### [Task to complete]
Give again only what runs from the line with "1.3 選擇企業(yè)正確注銷原因,點擊下一步;" to the final line of the entries below, exactly as written and without pictures.

### [Dataset entries]
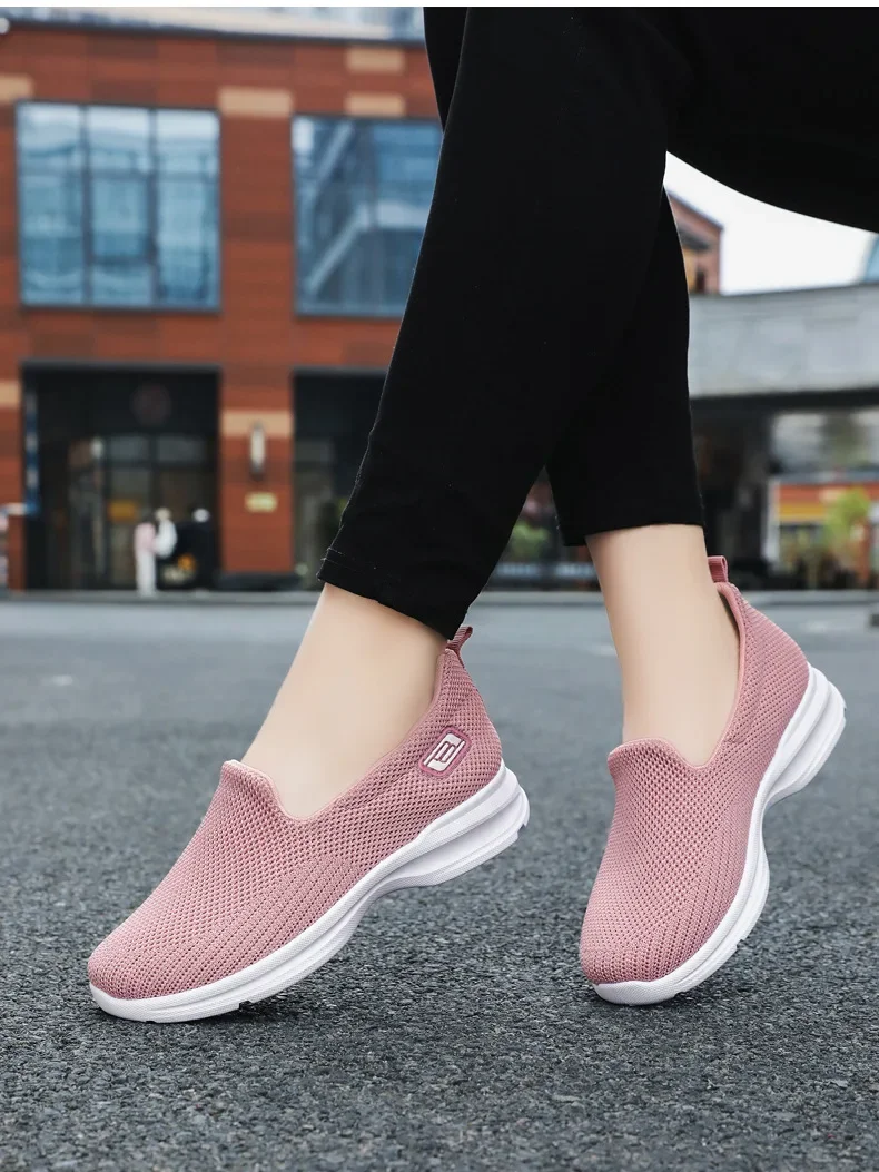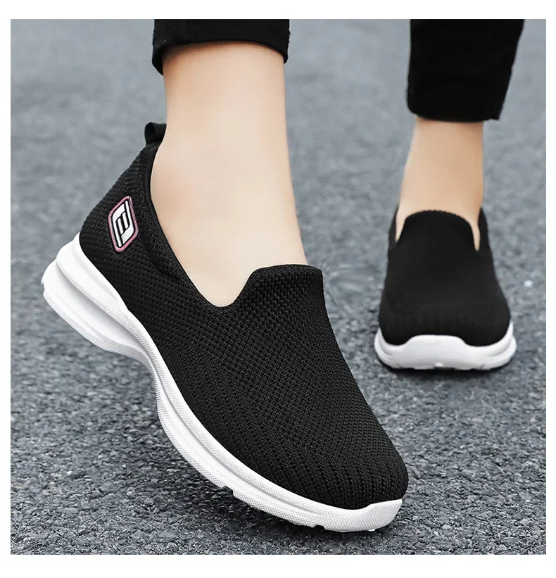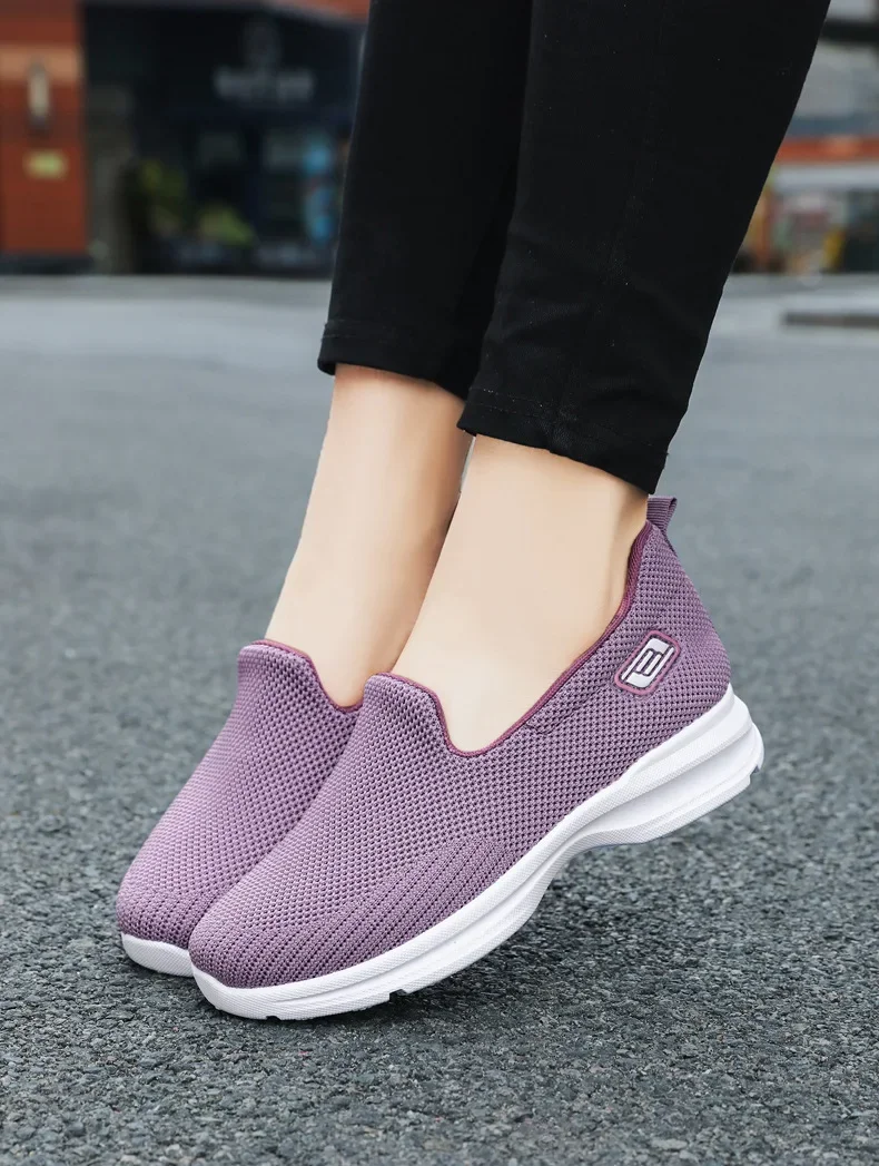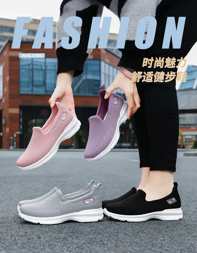 Sapatos para mulheres respirável ir caminhada tênis para senhoras respirável deslizamento em lona apartamentos baixo superior esporte tênis
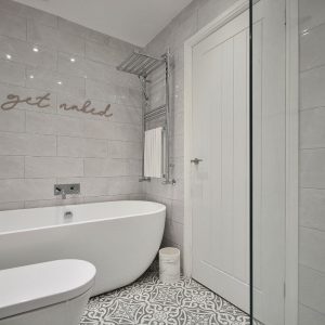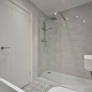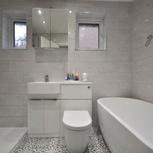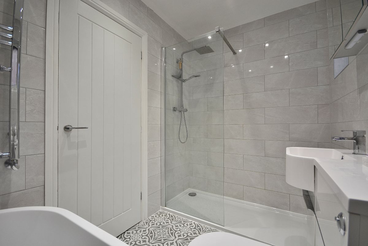 A stunning, sleek and stylish fully tiled family bathroom with four piece suite comprising a free standing contemporary bath with wall inset chrome mixer tap and wall inset temperature and water flow controls, double width walk in shower with internally plumbed chrome shower, vanity unit with inset wash hand basin and chrome mixer tap and storage. Towel radiator, wall mounted mirrored cabinet, ceiling spotlights, two double obscure double glazed windows to the side elevation.
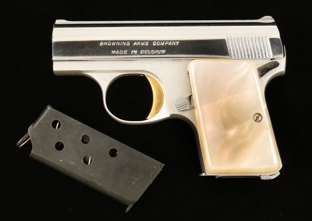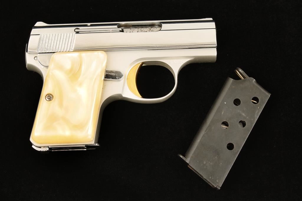 Nickel plated slide and alloy frame single-action semi-automatic hammerless pistol with a 2-1/8" barrel and two magazines. Made in Belgium. Finish is immaculate. Grips are imitation mother-of-pearl and have a few scratches. The bore is mirror bright with sharp rifling. Function is good. Condition is excellent. *Modern Firearm*
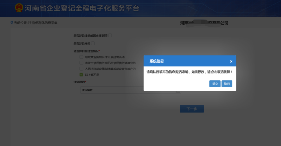 1.3 選擇企業(yè)正確注銷原因,點擊下一步;
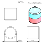 N52 Neodymium magnet cylinder : 3mm OD x 3mm H

### [Answer space]
 1.3 選擇企業(yè)正確注銷原因,點擊下一步;
 N52 Neodymium magnet cylinder : 3mm OD x 3mm H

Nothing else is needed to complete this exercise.